Wenn Sakralität also Zuordnung zu der Gemeinde und ihrem Begehen des Aufgangs des Heiligen meint, dann ist sakrale Kunst Kunst, die mit der Begegnung von Gemeinde mit dem Heiligen zu tun hat. Das mag zunächst nur ein soziologischer, der Kunst äußerlicher Aspekt scheinen. Man könnte sich ja denken: Irgendeine Gemeinschaft hat ihre Erfahrung des Heiligen, die ihr zugrunde liegt, und entsprechend ihre Praxis des Umgangs mit dem Heiligen. Kunst, die dieser Praxis angemessen und in sie eingepaßt wäre, [263] könnte man für diese Gruppe oder Gemeinde sakrale Kunst nennen. Ob und wie sie Kunst ist, entscheidet sich an den ästhetischen Maßstäben, die sie unabhängig von dieser zufälligen Vereinbarkeit mit dem Gottesdienst dieser Gemeinschaft erfüllt. Sakralität und Kunst lägen in diesem Fall nebeneinander und hätten nichts Wesentliches miteinander gemein. Der Ursprung der Künste im Fest und die innere Nachbarschaft des Heiligen und des Schönen weisen den Gedanken indessen deutlich auf eine andere Fährte. In der erörterten Möglichkeit religiöser Kunst haben sich die konstitutiven Wesensvollzüge des Schönen und des Heiligen als miteinander verschränkt erwiesen. Wenn wir nun religiöse Kunst von der spezifisch sakralen unterscheiden, dann besagt das, daß alle sakrale Kunst religiöse Kunst, aber umgekehrt nicht alle religiöse auch sakrale Kunst heißen könne.

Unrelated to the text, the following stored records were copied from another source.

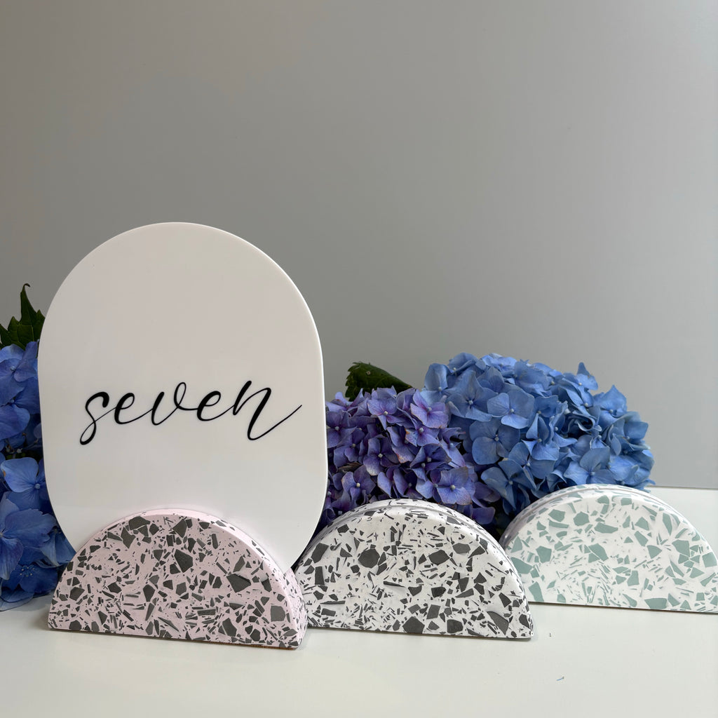 The bases of these table numbers are created using eco acrylic resin, using a handmade unique, one of a kind mould I created, hand-sanded then sealed in a matte water resistant sealant, with a cork base added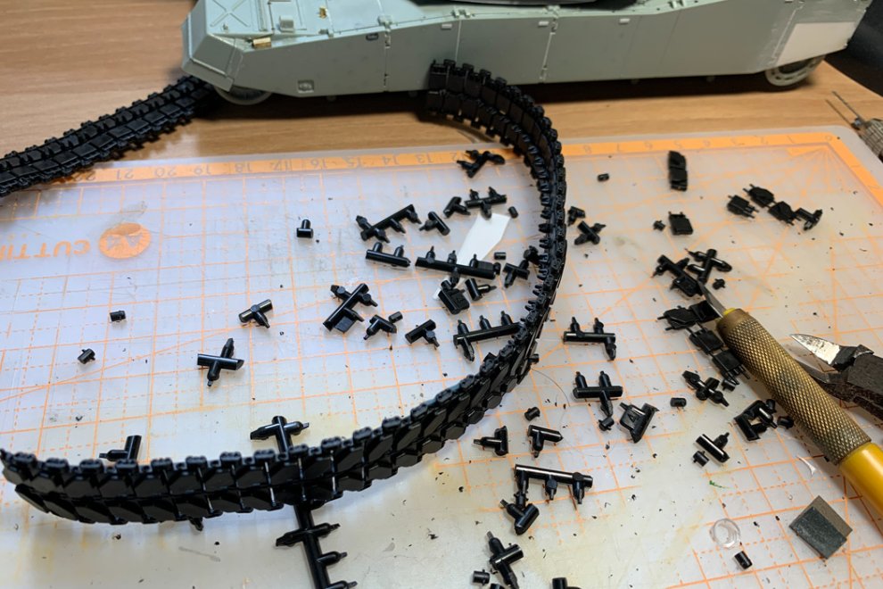 궤도는 레전드 K1A1 키트에 들어있던 연결식 궤도를 사용했습니다. 트럼페터의 T156인 것 같은데, 요즘 나오는 물건과는 아무래도 차이가 있네요. 사출도 깔끔하지 않고, 핀이 가늘고 약해 잘 부러져 조립이 훨씬 더 어렵습니다. 궤도 중앙가이드는 너무 커서 M1A2와 K2에 쓰고 남은 DEF의 T158 부품을 사용했습니다.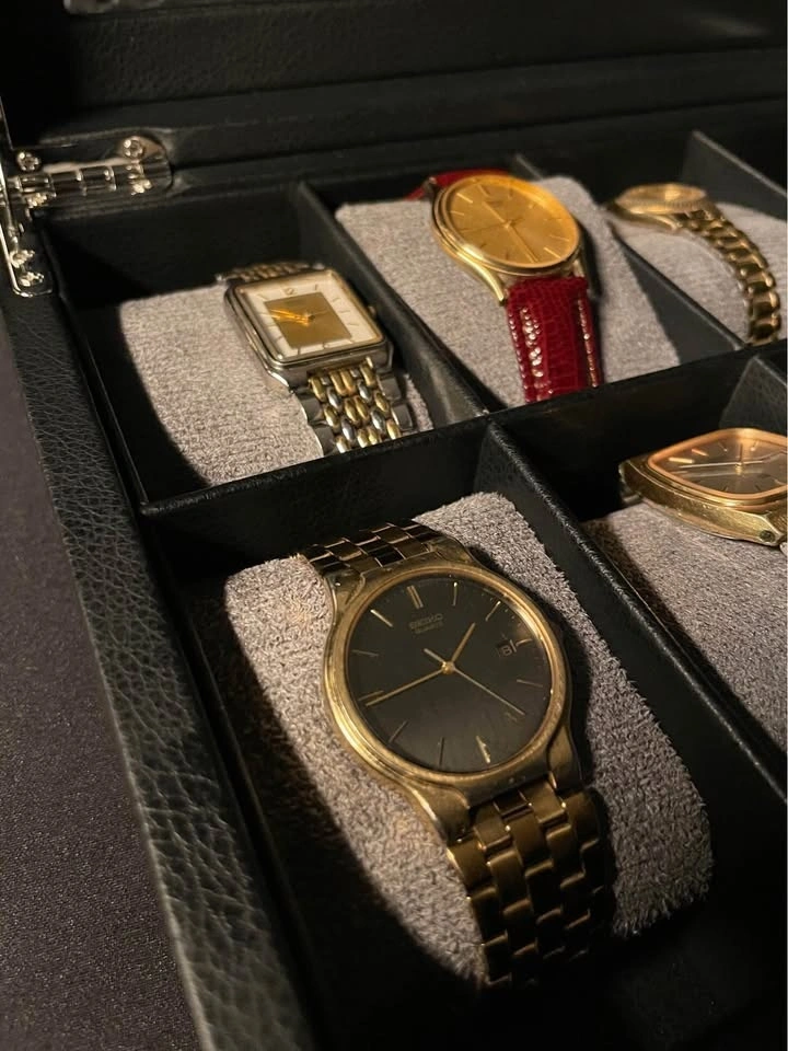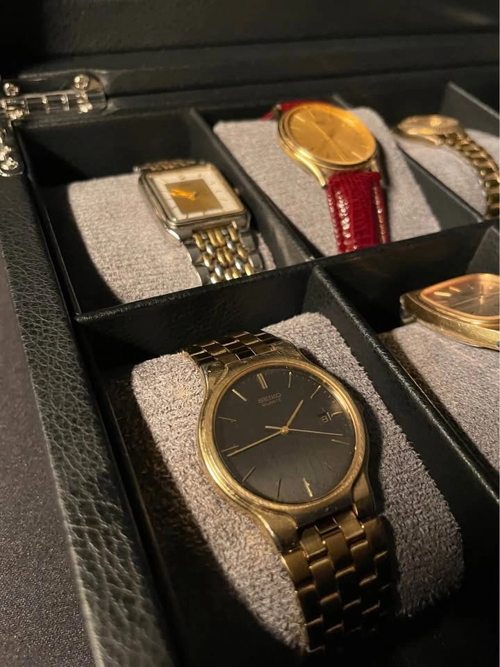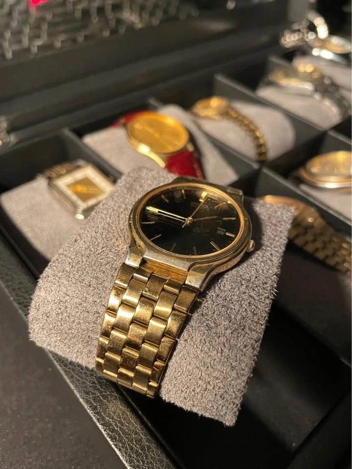 Clean black dial with gold-tone indices and hands, paired with a sleek gold-tone case and matching bracelet. The watch has a simple and elegant design, ideal for everyday wear or a vintage collection.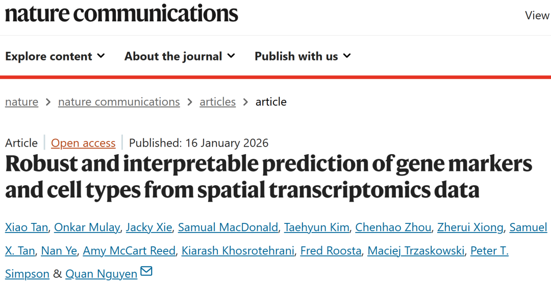 Tan, X., Mulay, O., Xie, J. et al. Robust and interpretable prediction of gene markers and cell types from spatial transcriptomics data. Nat Commun (2026).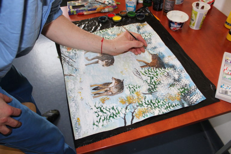 Odsúdený maľuje počas vianočného obdobia v Ústave na výkon väzby a Ústave na výkon trestu odňatia slobody. Bratislava, 23. december 2021. Foto: SITA/ZVJS.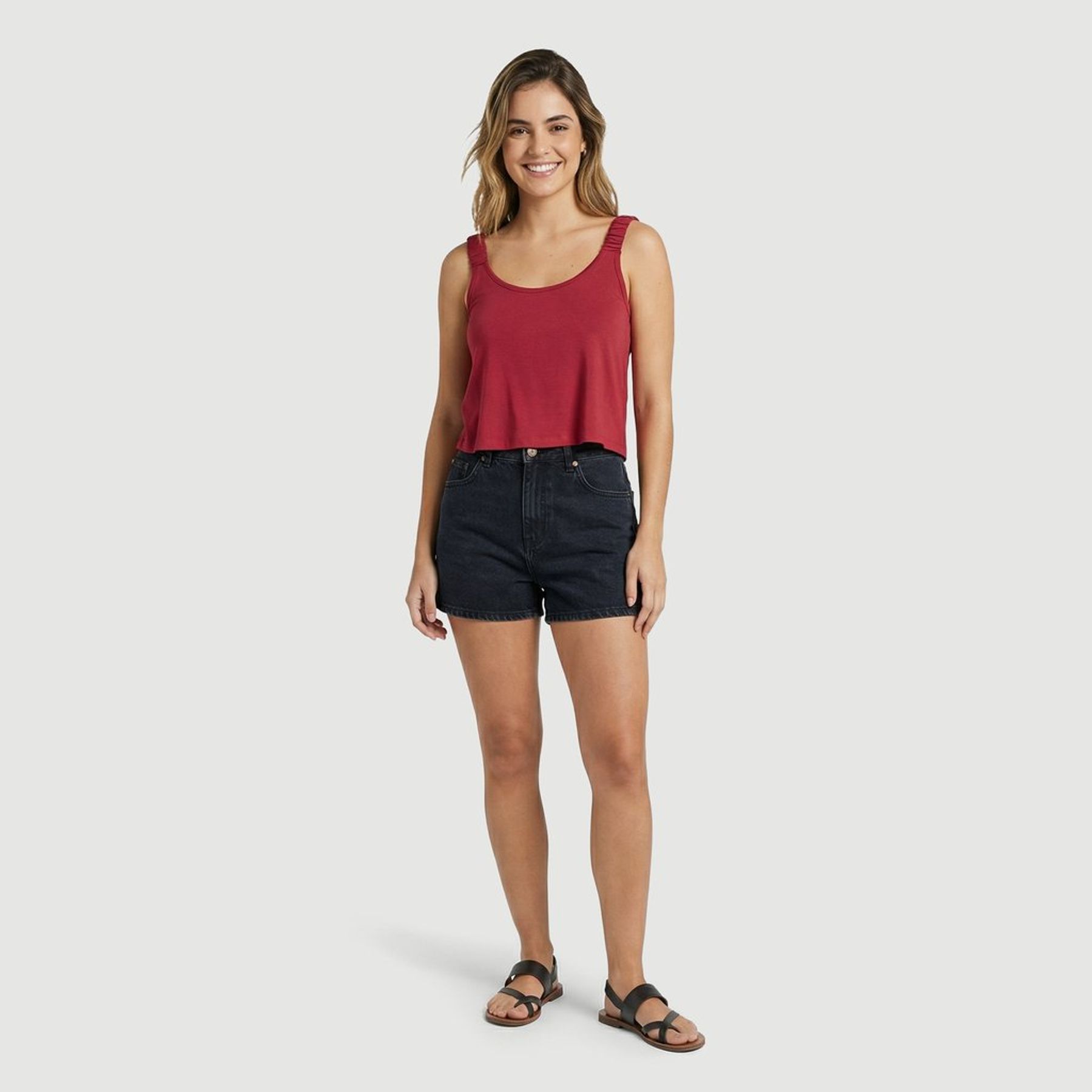 O vermelho liso facilita combinações, enquanto o decote redondo e o franzido nos ombros (alças largas) trazem um detalhe delicado ao design. Uma peça versátil para usar com jeans, saias ou shorts, do trabalho aos momentos de lazer.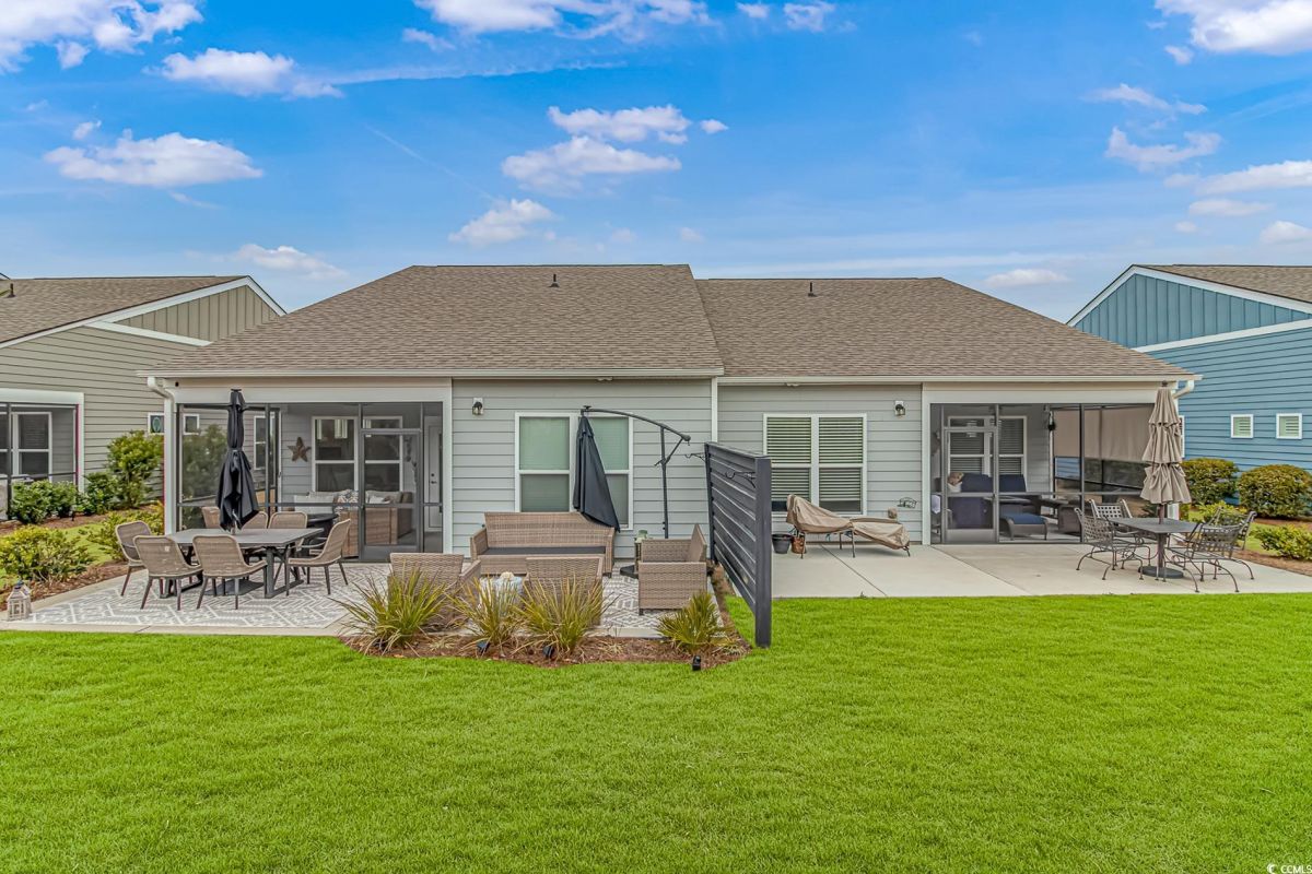 Come and check out this beautifully designed one of a kind villa located in the Del Webb Grande Dunes 55+, natural gas community. The villa is the Cressida model offering a split bedroom plan. Home has 2 spacious Bedrooms and 2 Baths which also includes a bonus room that can be used as office and/or 3rd bedroom. Open concept living offers a large entertainment area including a living room, dining and kitchen. Kitchen has stainless steel appliances, large island with custom pendant lighting, granite countertops & pantry for extra storage. Home includes: Smart Home features, LVP flooring throughout, wet areas have tile, granite countertops in baths and kitchen area, tankless hot water, outdoor space includes extra palm trees and flowers for landscaping, a screened in lanai, open back patio is perfect for grilling & dining outside. Lots of Owner upgrades: kitchen under cabinet lighting, replaced cabinet hardware with black hardware, also installed new black faucet, new pendant lighting over the island, dining room light, added extra patio slab, in flex room added built in twin beds, shiplap on the walls and 9” crown molding. In the master bathroom, upgraded to heavy glass shower doors trimmed in black with black handle, new black Moen spa shower faucet. In the garage, shelves are built in for extra storage. This Del Webb neighborhood features on-site resort style amenities such as outdoor & indoor pools, fitness center, pickle ball, tennis, & bocce ball courts, walking and biking trails, a fire pit overlooking the beautiful intercoastal waterway, a day dock & a full-time lifestyle director that plans events &activities monthly. In addition to the on-site amenities, you will also have access to the Grande Dunes Ocean Club. Drive your golf cart there and enjoy the ocean front pool, on-site restaurant & beach access. Don't wait and miss the chance to own your piece of paradise…schedule a showing today!!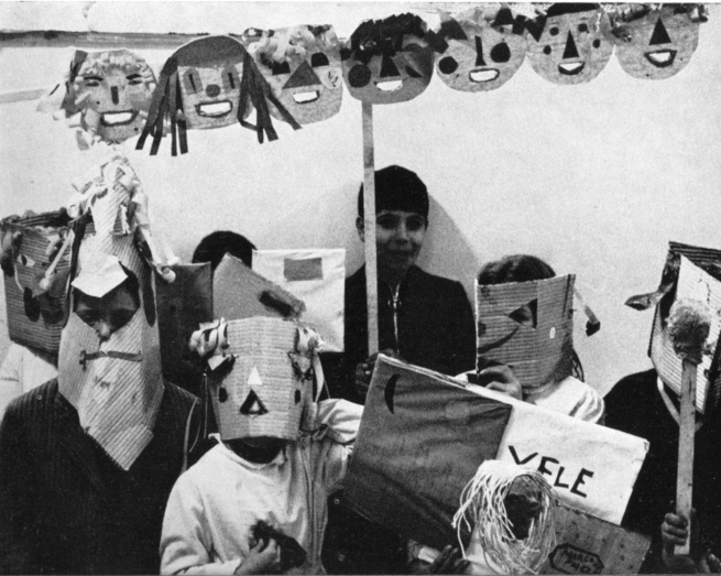 Azioni di decentramento a Torino: i bambini e il loro doppio; le maschere di cartone per il Teatrino di Corso Taranto, e – in alto – il grappolo delle sagome di teste in compensato, ph. Italo Colombo

Was also verstehen wir unter sakraler Kunst, was ist das sie innerlich Auszeichnende und Unterscheidende? Wir sagten schon, sie ist gemeindebezogene Kunst. Doch dieser Bezug ist eben kein zu ihr als Kunst äußerer, vielmehr ist das, was sich in sakraler Kunst bezeugt, die bestimmte Erfahrung des Heiligen, die die betreffende Gemeinschaft zur Gemeinde macht. Die Innerlichkeit und Wesentlichkeit dieses Bezugs schließen aus, daß sakrale Kunst nur Kunst ist, die auf den zufälligen Geschmack einer Gemeinde Rücksicht nähme. Auch ungewohnte, sogar provokatorische Kunst kann sakral sein. Sie kann sagen: Das ist es doch, was uns angeht, und angesichts dessen, war ihr überseht oder ausklammert, muß sich unsere Gemeinschaft im Heil und Heiligen ganz anders vollziehen! Darum eben geht es: Der Dialog der Gemeinde mit dem Zuspruch und Anspruch des Heiligen ist der Raum, in den sich sakrale Kunst hineinstellt, in den hinein sie sich überschreitet, so daß sich ihre Gestalt nicht eigentlich in sich selber schließt, sondern sich im Geschehen der Versammlung der Gemeinde dem Aufgang des Heiligen stellt.

Dann aber ist sakrale Kunst mediale Kunst. Das heißt, es geht ihr wie aller Kunst um die Gestalt, aber es geht ihr nicht zuletzt um ihre künstlerische Gestalt, sondern um die Gestalt der Feier der Gemeinde, in der das Ereignis des Heiligen für die Gemeinde und das Ereignis der Gemeinde ins Heilige geschehen. Die unmittelbare Gestalt des sakralen Kunstwerkes steht zu der mittelbaren Gestalt, zur Feier der Gemeinde, in einem wechselseitigen Verhältnis. Sie bestimmt [264] sich von dieser Feier der Gemeinde her, gestaltet sie in sich und bestimmt sie zugleich von sich aus und durch sich, gibt ihr von sich her Gestalt. Das ist keine äußere Begrenzung der künstlerischen Selbständigkeit, sondern ihre Erweiterung und Konkretion im umfassenden Zusammenhang einer Gemeinde, der wesentlich zum Kunstwerk gehört.

Für die Gestalt des sakralen Kunstwerkes erwächst daraus eine wichtige Folge. Sie ist mit dem Wort mediale Kunst bereits angedeutet. Die Gestalt will zwar als Gestalt in sich vollendet sein, wird das sich in ihr Ereignende so vollkommen wie nur möglich verfassen, es als wunderbar zum Vorschein bringen. Sakrale Kunst ist Gestalt als Ereignis, aber sie übereignet zugleich ihre Gestalt in die Gestalt der feiernden Gemeinde. Denn in deren Mitte soll sich nicht zuerst die Kunst, sondern das Heilige selbst ereignen. So wird das Kunstwerk in einer eigentümlichen Diskretion, in einer wesentlichen Offenheit über sich hinaus, in einem Sich-Verschweigen und Über-Sich-Verweisen schwingen, um unabsehbar neu und frei ihre geschichtliche Gestalt zu erbilden. Damit ist ein letztes Stichwort gefallen: geschichtliche Gestalt.